● **ACTION ITEM**: Set the listing down again in full, word for word, with the pictures left out.

● **RECORDED INFORMATION**:
-- Opening Marker --

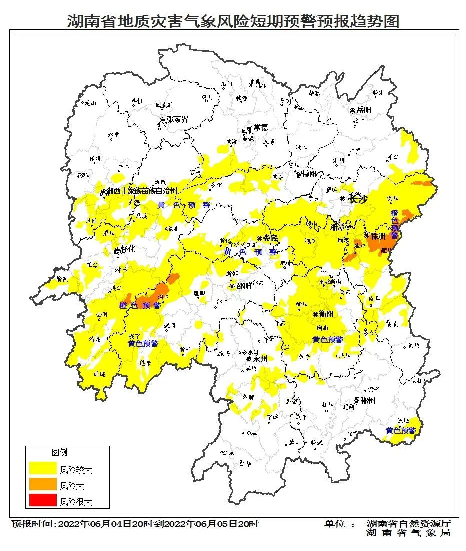 6月4日,湖南省自然资源厅与湖南省气象局联合发布【湖南省地质灾害气象风险预警】:预计自4日20:00至5日20:00 ,受降雨影响, 湘东、湘西南部分区域发生突发性地质灾害风险大(橙色预警),湘中以南大部分区域发生突发性地质灾害风险较大(黄色预警)。
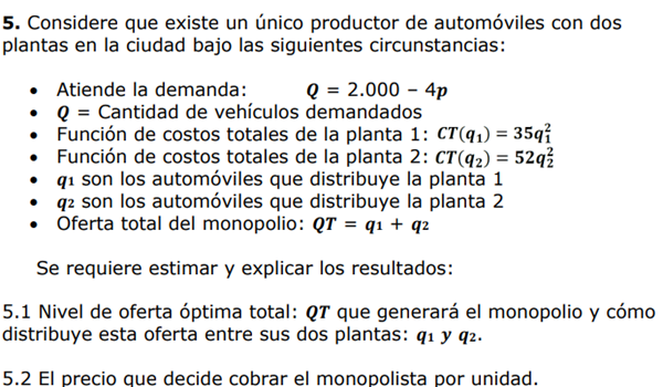 Considere que existe un único productor de automóviles con dos plantas en la ciudad bajo las siguientes circunstancias:
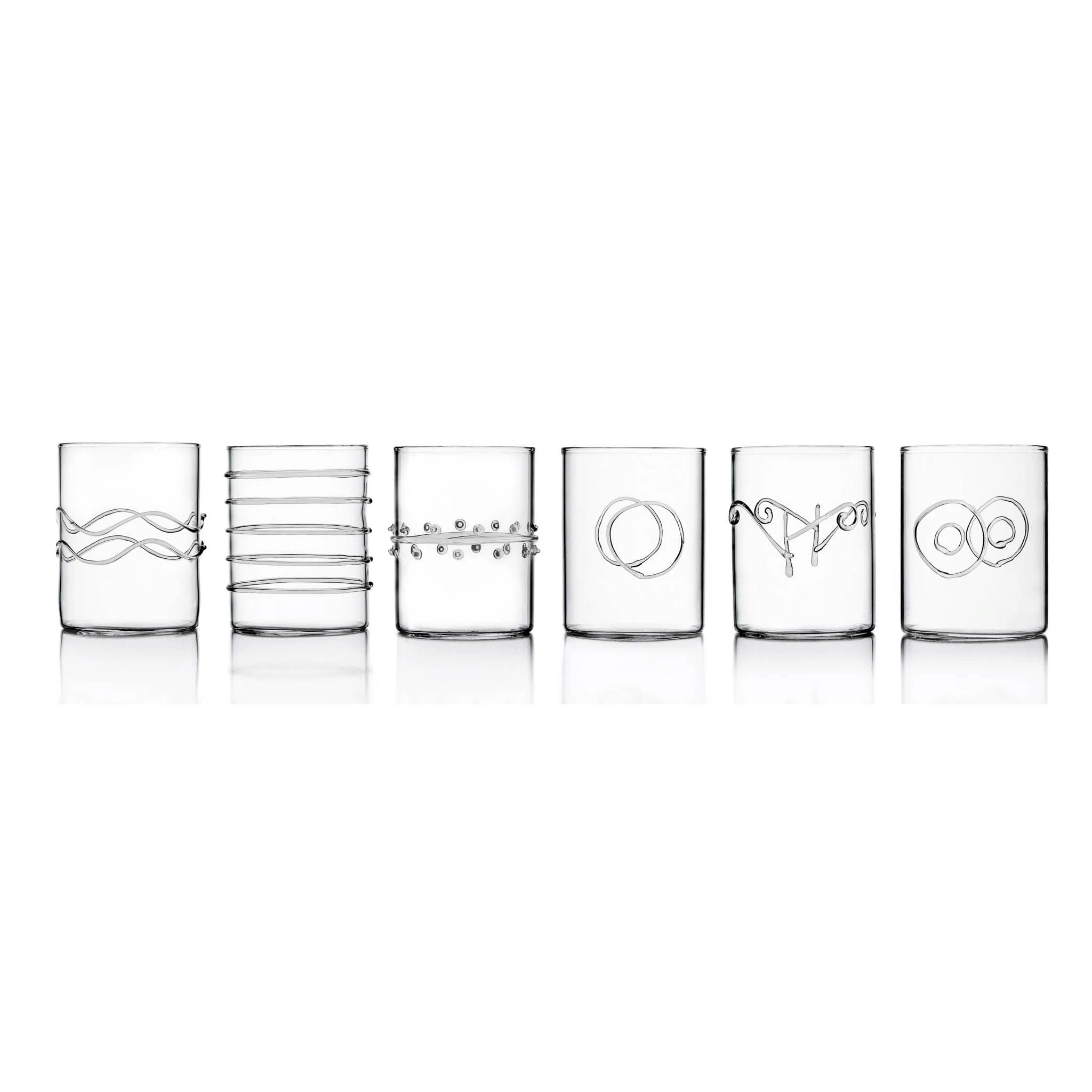 These Ichendorf Milano water tumblers are a stylish addition to your glassware collection. Each glass has a unique abstract design, from lines and dots to circles and swirls. Made in Italy, they are designed for water but also elegant enough for cocktails – a Negroni, perhaps?

-- Closing Marker --

● **TASK ANSWER**:
 6月4日,湖南省自然资源厅与湖南省气象局联合发布【湖南省地质灾害气象风险预警】:预计自4日20:00至5日20:00 ,受降雨影响, 湘东、湘西南部分区域发生突发性地质灾害风险大(橙色预警),湘中以南大部分区域发生突发性地质灾害风险较大(黄色预警)。
 Considere que existe un único productor de automóviles con dos plantas en la ciudad bajo las siguientes circunstancias:
 These Ichendorf Milano water tumblers are a stylish addition to your glassware collection. Each glass has a unique abstract design, from lines and dots to circles and swirls. Made in Italy, they are designed for water but also elegant enough for cocktails – a Negroni, perhaps?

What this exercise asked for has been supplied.